Relative force error, relative time error, and relative endpoint error for the fast and slow contractions as a function of target force. Each data point corresponds to the mean ± SE for 1 block of 15 trials at each target force for fast (filled circles) and slow (open circles) contractions. a The relative force error was similar for the two contraction speeds and four target forces, and there was no significant interaction between contraction speed and target force. b The relative time error increased with target force for the fast contractions, but not the slow contractions. Furthermore, the fast contractions exhibited significantly greater relative time error compared with the slow speed contractions, especially at higher force levels (speed × force interaction P = 0.001). C. The relative endpoint error was significantly greater for the fast contraction than for the slow contractions (P = 0.001). However, the speed × force interaction was not significant (P = 0.1) despite the greater relative endpoint error for the fast contractions at the higher force levels

Agonist and antagonist EMG amplitude

The EMG amplitude for FDI (Fig. 7a) increased with target force for both contraction speeds (18.0 ± 8.84, 25.8 ± 11.1, 32.8 ± 14.3, and 38.4 ± 14.5% of MVC for the 20, 40, 60, and 80% target forces, respectively; P < 0.001), but a main effect for speed (P = 0.001) indicated greater EMG amplitude during the fast speed contractions (34.7 ± 9.63% of MVC) compared with the slow contraction speeds (22.9 ± 8.25% of MVC). There was no significant interaction between contraction speed and force. Although the main effect for EMG amplitude of SPI failed statistical significance due to the high variability in SPI activation by the subjects, there was a trend (P = 0.07) for an increase in EMG amplitude of the SPI as a function of target force (10.8 ± 10.3, 13.4 ± 14.4, 14.7 ± 13.5, and 19.0 ± 14.2% of MVC for the 20, 40, 60, and 80% target forces, respectively; Fig. 7b). The main effect for contraction speed (15.7 ± 4.17% of MVC = fast contractions vs. 13.3 ± 2.83% of MVC = slow contractions; P = 0.283) and the speed × force interaction were not significant.

Fig. 7.

Fig. 7

The peak EMG amplitudes of the agonist (FDI) and antagonist (SPI) muscles for the fast and slow contractions as a function of target force. Each data point corresponds to the mean ± SE for 1 block of 15 trials at each target force for fast (filled circles) and slow (open circles) contractions. a The FDI peak EMG increased linearly with target force for the fast and slow contractions (P < 0.001) and was greater for the fast contractions compared with the slow contractions (P < 0.001). b There was no significant change in SPI peak EMG (P = 0.283) as a function of target force for the fast and slow contractions. There was no main effect for SPI peak EMG across contraction speed (P = 0.07)

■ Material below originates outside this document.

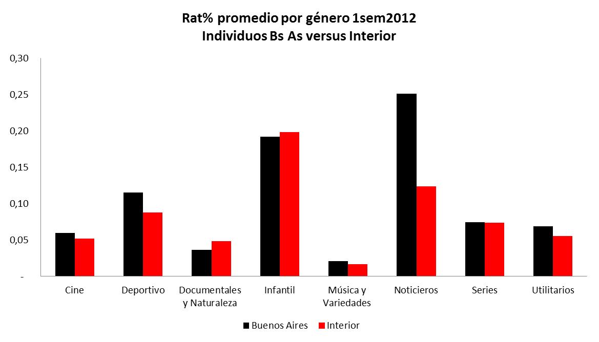 Fuente del gráfico: IBOPE MWS. Rat% promedio 1er semestre 2012. Lunes a Domingo de 06 a 30hs. Target Universo Total Individuos. Base incluye: Buenos Aires (Capital y GBA) e Interior (Gran Rosario, Gran Córdoba y Gran Mendoza). Los géneros se agrupan de la siguiente manera: Cine: Cinecanal Cinemax Europa Europa Film & Arts HBO HBO Plus East HBO Plus West HBO Signature HBO2 Infinito ISAT Max Max HD MGM Space Studio Universal TCM The Film Zone TNT Volver De Pelicula Golden.Deportivo: America Sports ESPN ESPN+ Fox Sports Fox Sports+ TyC Sports. Documentales y Naturaleza : Animal Planet Discovery Channel History National Geographic The Biography Channe. Infantil: Boomerang Cartoon Network Discovery Kids Disney Channel Disney Jr Disney XD Nickelodeon Sony Spin. Música y Variedades : Canal A Ciudad Abierta Cosmopolitan E! Entertainment Glitz Metro MTV Quiero Música en mi Idioma truTV VH1 Canal de las Estrellas. Noticieros: A24 C5N CNN Español CNN International Todo Noticias 26 TV. Series: A&E AXN Fox Fox Life FX ID Sony Syfy TBS Universal Channel Warner Channel. Utilitarios: Discovery Home & Health El Gourmet.com Magazine 24 TLC Utilisima.

Associations between motor-output variability and error

Bivariate linear regression analyses were used to determine the associations between the measures of error and variability. First, the association between endpoint variance and endpoint error for both the fast and slow contractions at each target force was examined. Endpoint variance was not significantly correlated (r ranged from −0.36 to 0.29) with endpoint error for any of the force levels at each contraction speed, except for 80% target force at the fast speed (r = 0.671). Second, a regression analysis examined the influence of force trajectory SD on endpoint error, force error, and time error (Table 2). Force trajectory SD was not significantly correlated with either endpoint error or time error, but it was correlated with the force error (Table 2; r ranged from 0.52 to 0.74). Third, regression analyses evaluated the associations between the SD of peak force (Table 3) and the SD of the time to peak force (Table 4) with the three measures of error. The SD of peak force was systematically correlated (r ranged from 0.67 to 0.97) with the force error, but not the endpoint error or the time error (Table 3). The SD of time to peak force was always associated with the endpoint error (r ranged from 0.49 to 0.84) and the time error (r ranged from 0.63 to 0.87), and was positively associated with the force error for the fast contractions at the 60 and 80% target forces and was negatively associated for the slow contractions at the 20 and 80% target forces (Table 4). In general, these results indicate that force trajectory SD was associated with measures of force accuracy and variability but not with measures that included a timing accuracy or variability component.

Table 2.

Correlations between force trajectory SD (N) and the measures of error and variability during the goal-directed trials

Fast (150 ms)
Slow (1 s)
20% 40% 60% 80% 20% 40% 60% 80%
Endpoint error (cm) 0.30 0.15 0.37 0.45 0.03 −0.31 0.11 −0.06
Time error (ms) 0.38 0.20 0.42 0.47 0.05 −0.38 0.06 0.04
Force error (N) 0.67 0.70 0.53 0.74 0.52 0.72 0.62 0.30
Endpoint variance (cm2) −0.36 0.11 0.20 0.67 0.00 0.29 0.00 0.29

Bold indicates P < 0.01

Table 3.

Correlations between peak force SD (N) and the three measures of error during the goal-directed trials

Fast (150 ms)
Slow (1 s)
20% 40% 60% 80% 20% 40% 60% 80%
Endpoint error (cm) 0.42 0.47 0.37 0.34 −0.21 −0.28 0.36 −0.15
Time error (ms) 0.47 0.48 0.38 0.36 −0.07 −0.36 0.16 −0.11
Force error (N) 0.67 0.80 0.86 0.69 0.93 0.81 0.97 0.86

Bold indicates P < 0.01

Table 4.

Correlations between time to peak force SD (N) and the three measures of error during the goal-directed trials

Fast (150 ms)
Slow (1 s)
20% 40% 60% 80% 20% 40% 60% 80%
Endpoint error (cm) 0.72 0.67 0.84 0.70 0.49 0.82 0.59 0.73
Time error (ms) 0.85 0.72 0.87 0.71 0.49 0.83 0.63 0.76
Force error (N) 0.31 0.16 0.72 0.73 −0.54 −0.10 −0.22 −0.50

Bold indicates P < 0.01

Prediction of change in endpoint error

Stepwise multiple linear regression models were used to identify those features of the EMG activity for the two muscles that could explain the differences observed in endpoint error. The main differences in endpoint error included the following: (1) greater endpoint error for fast compared with slow goal-directed contractions to the 60 and 80% MVC target forces; (2) greater endpoint error for 80% relative to 20% for fast contractions; (3) an average (both fast and slow contractions) decline in endpoint variance from 20 to 80% MVC.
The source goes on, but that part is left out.